German Gas Utilities Ask for Early Warning System Amid Putin’s Rouble Requirement
- March 25, 2022
- Posted by: Quatro Strategies
- Category: Energy
Germany’s utilities association BDEW said the country needs an early warning system to deal with gas shortages, one day after Putin ordered gas payments from “unfriendly” countries to be received in roubles, which could increase the risk of a supply crunch and even higher prices.
Putin’s demand added to market concerns and raised doubts over Russia’s claim of being a reliable supplier regardless of geopolitical circumstances.
Putin’s demand came on Wednesday after the Western allies have cooperated on waves of sanctions against Moscow following its invasion of Ukraine.
Since Putin’s remarks, Europe’s energy sector is already facing supply concerns and the benchmark price for German gas delivery next year is up 8%, after already quadrupling over the last 12 months.
Germany, the biggest consumer of Russian gas, has been able to get shipments for more than 50 years, even during the Cold War. Russia’s gas exporter Gazprom has over 40 long term contracts with European nations.
On Thursday, BDEW, which includes Gazprom customers RWE and EnBW as members, said the government should implement an early warning system in case Russian gas deliveries are halted.

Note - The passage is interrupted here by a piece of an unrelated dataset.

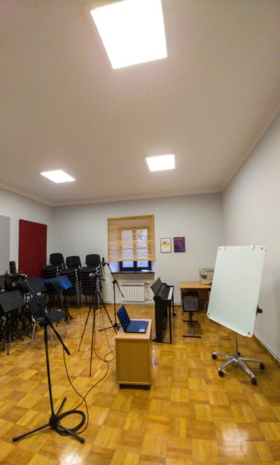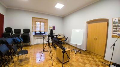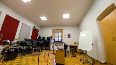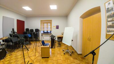 W toku kompleksowych prac modernizacyjnych w sali muzycznej wykonano roboty remontowe, które swym zakresem obejmowały uzupełnienie tynków na ścianach, malowanie pomieszczenia, wymianę istniejącej instalacji grzewczej, a także montaż nowoczesnego i energooszczędnego oświetlenia typu LED. Pracownia została ponadto wyposażona w nowe meble do przechowywania instrumentów i akcesoriów muzycznych, panele akustyczne wytłumiające pomieszczenie, tablicę edukacyjną, krzesła i pulpity muzyczne. Z myślą o działających przy Miejskim Ośrodku Kultury – Zamek zespołach i grupach muzycznych pracownia została doposażona w nowoczesny sprzęt m.in. przenośne pianino cyfrowe, laptop wraz z programem do obróbki cyfrowej dźwięku oraz sprzęt studyjny w postaci cyfrowego rejestratora dźwięku i mikrofonów pojemnościowych. Wykonane prace remontowe i zakupione wyposażenie umożliwiło poprawę standardu pracowni, poprzez wykonanie nowoczesnej aranżacji pomieszczenia, a także wpłynęło na zwiększenie jego funkcjonalności. Zakupiony sprzęt studyjny posłuży instruktorom i muzykom do tworzenia i rejestracji utworów w celach edukacyjnych, promocyjnych i dokumentacyjnych, archiwizujących dziedzictwo Podbabiogórza oraz nagrań demo wymaganych przy zgłoszeniach do przesłuchań konkursowych, a także umożliwi analizę wykonań i korektę brzmieniową poszczególnych nagrań. Oprócz zajęć stacjonarnych realizowanych w pracowni, z myślą o występach i koncertach zespołów i grup muzycznych odbywających się w plenerze w ramach doposażenia pracowni muzycznej zakupione zostały namioty, pełniące funkcje szatni, garderoby i zaplecza technicznego, a także wykonany został mobilny podest (podłoga) z elementów umożliwiających odpowiednie zabezpieczenie podłoża w wybranej lokacji i aranżację przestrzeni na potrzeby prezentacji tańców regionalnych, biesiad z udziałem chóru, czy koncertów plenerowych orkiestry dętej. Efekty przeprowadzonej modernizacji prezentują poniższe fotografie. Całkowity koszt realizacji projektu wyniósł 50 188 zł, z czego wysokość pozyskanego dofinansowania z funduszy unijnych to 31 934 zł, natomiast pozostałe środki w wysokości 18 254 zł. stanowią wkład własny z budżetu Gminy Sucha Beskidzka.

The association urged German energy regulator Bundesnetzagentur to set criteria by which industries and sectors would continue to receive supply, and households are protected.
German economy minister Habeck said while the situation needs to be watched closely, there is no need for an early warning system and that supply is guaranteed.
If Putin’s requirement is concrete and serious, European customers will be faced with a dilemma: either decline to pay and risk getting no supplies or comply and pay higher prices as more favorable long term contracts get renegotiated.
Russia has not yet halted gas flows but it could increase the prices Europe pays.
Gas deliveries westwards to Europe through the Nord Stream 1 pipeline across the Baltic Sea rose slightly on Thursday, while the Yamal-Europe pipeline flowed east from Germany into Poland.